While appreciation is a distinct and separate market analysis, in general, housing prices tend to rise in an inflationary economy. Real estate has intrinsic value; people need to have roofs over their heads regardless of the value of their currency.

Potential negatives for a real estate investor in inflationary times is the increased cost of borrowing debt. To make sure the bank doesn’t get shorted, they’ll charge higher interest rates and offer fewer loans.

Increased costs of building materials for new homes is another disadvantage. Between the high cost to borrow and the additional cost to build, new construction can be a very difficult investment during inflation.

When pockets get tight, travel usually gets cut from the budget pretty quickly. Vacation rentals, locations that are driven by tourism, or retirement communities may not fare as well as other forms of real estate investing.

What is the Fed saying?

As I mentioned above typically during high inflationary times it can be difficult to get a mortgage and the cost of getting a mortgage can be very high.

BUT that is not true right now.

Fed Chairman Jerome H. Powell has stated many times that the central bank would now tolerate a higher level of inflation than in the past, when policymakers have lifted rates preemptively to head off a potentially overheating economy marked by rising consumer prices and falling unemployment.

Right now, Federal Reserve policymakers and many economists are dismissing the current round of numbers as transitory, with the expectation that inflation settles down later this year around the 2% range targeted by the central bank.

But this is absolutely INSANE! 

The Fed even admits that they were caught off guard by the inflation number.

US Fed Vice Chairman Richard Clarida:

“We were SURPRISED by higher than expected inflation data.”

 

The markets and institutional investors are showing you that they do not believe what the Fed is saying.

These Federal Reserve officials, are supposed to be protecting the U.S. from high inflation, but they just continue to insist the increase is temporary.
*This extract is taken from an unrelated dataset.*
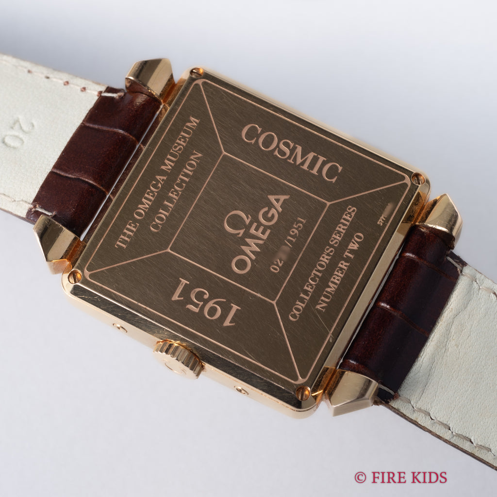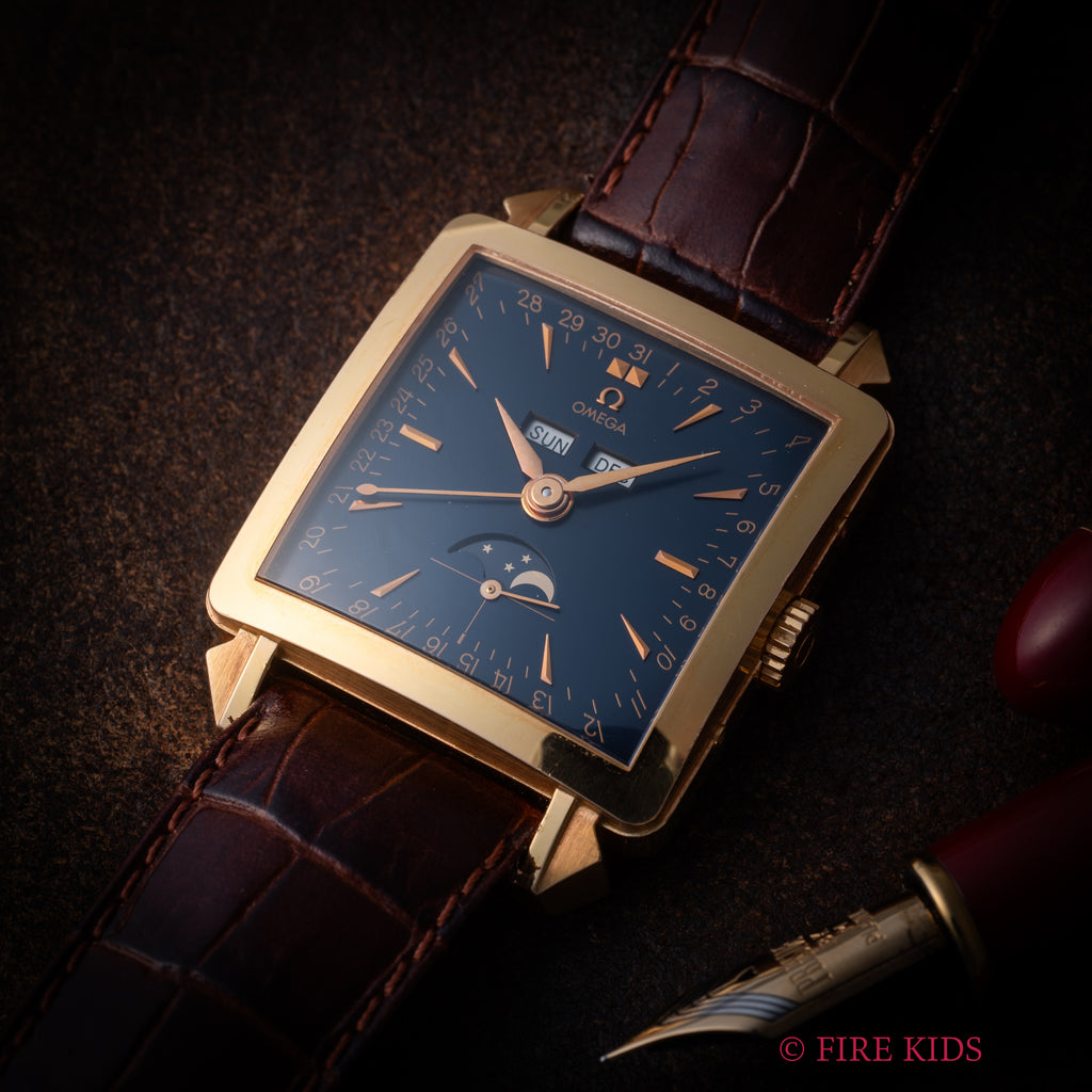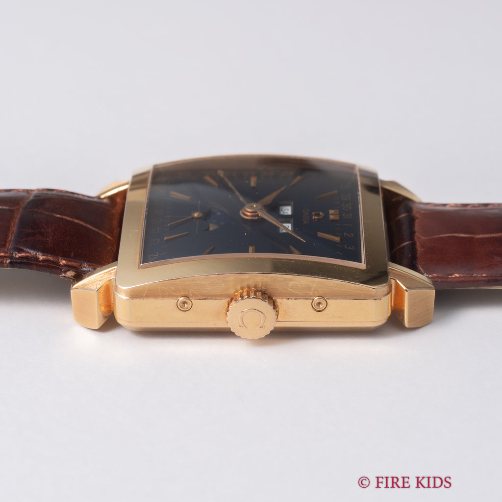 オメガ コスミック ミュージアムトリプルカレンダームーンフェイズ 2002年製 1951本限定 18KYGが入荷しました。オメガ博物館所蔵の名作モデルを毎年1年復刻するミュージアムコレクションの中で、こちらは2002年に発売された1951本限定の『ミュージアムコレクション1951 コスミック』。1951年製のコスミックを再現したトリプルカレンダームーンフェイズモデルです。18金ピンクゴールドの角型ケースに夜空のような深いネイビーの文字盤が印象的です。月と曜日、ムーンフェイズ、ポインターデイドなど多機能でクラシカルな見た目ながらも異彩を放つ1本です。巻き上げと針回し共にスムーズです。

Businesses can’t keep up in demand, a problem exacerbated by ongoing bottlenecks in the global trading system tied to the pandemic. Computer chips are especially in short supply and that’s held up production of new autos and other manufactured goods.
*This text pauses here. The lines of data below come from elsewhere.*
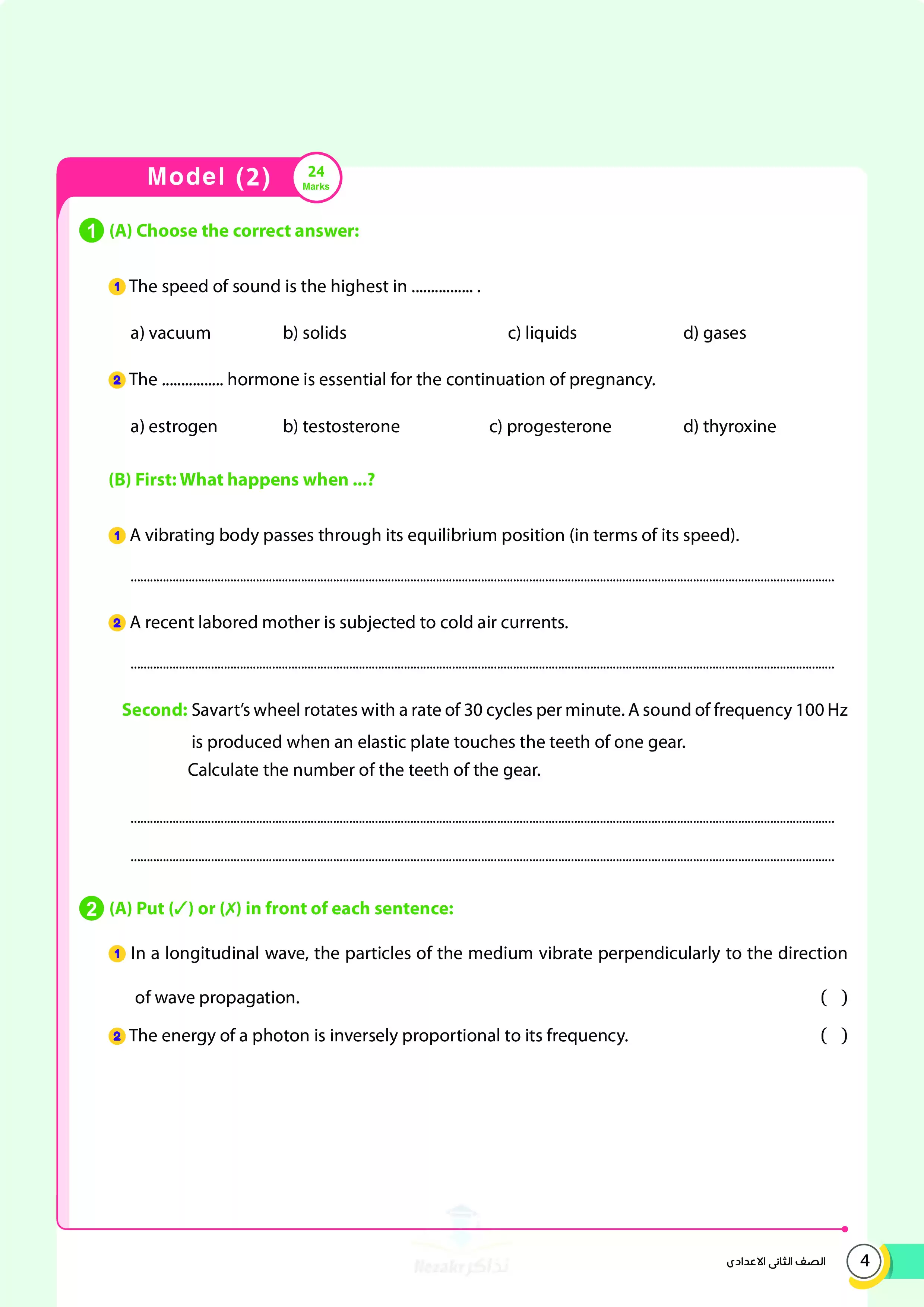نقدم لكم، أولياء الأمور وطلاب الصف الثاني الإعدادي، نماذج امتحانات الأضواء الاسترشادية في مادة العلوم للغات (الساينس science) للصف الثاني الإعدادي الترم الثاني 2025، وهي نماذج مميزة قام بإعدادها كتاب الأضواء وذلك للمراجعة النهائية على مقرر العلوم باللغة الإنجليزية الساينس في الترم الثاني للمرحلة الإعدادية الصف الثاني الإعدادي.
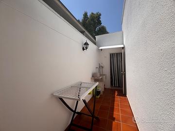 LA STRUTTURA È COSI COMPOSTA: da uno spazioso giardino indipendente, arredato con tavolo e sedie per poter mangiare all'esterno, accesso a terrazzo, ingresso, sala pranzo cucina completa di elettrodomestici, utensili e accessori vari, camera da letto, bagno con box doccia acqua calda/fredda, giardinetto retrostante con pilozza e accessori per lavare.
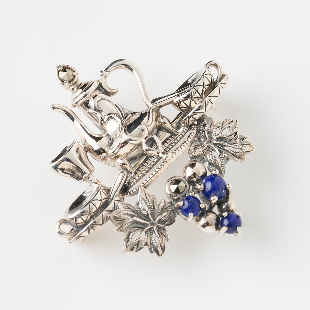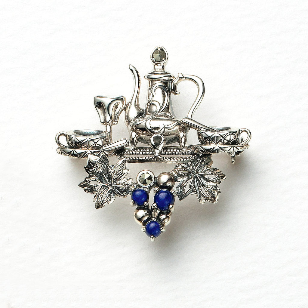 クラシカルな印象の銀製のティーセットとブドウのモチーフを組み合わせました。ブドウは「豊かさ」と「幸運」の象徴とされて人気のモチーフです。

Americans are also rushing to dine out, travel or go far away for vacation, activities they shied away from during the pandemic. That’s also driving up prices at popular vacation resorts and other venues where people plan to congregate.

 

So what should you do? How do you Hedge against Inflation?

(I am NOT a financial advisor)

You should be buying Tangible Scarce Assets like REAL ESTATE.   Especially right now when the Federal Reserve is keeping interest rates down.

As we mentioned before the cost of a mortgage has not increased.   In fact, the interest rates on a mortgage are well below the inflation rate.

Othere assets that in the past have typically been a hedge against inflation:

 

Bottom Line

Get ready because inflation is coming whether or not the powers that be choose to accept it.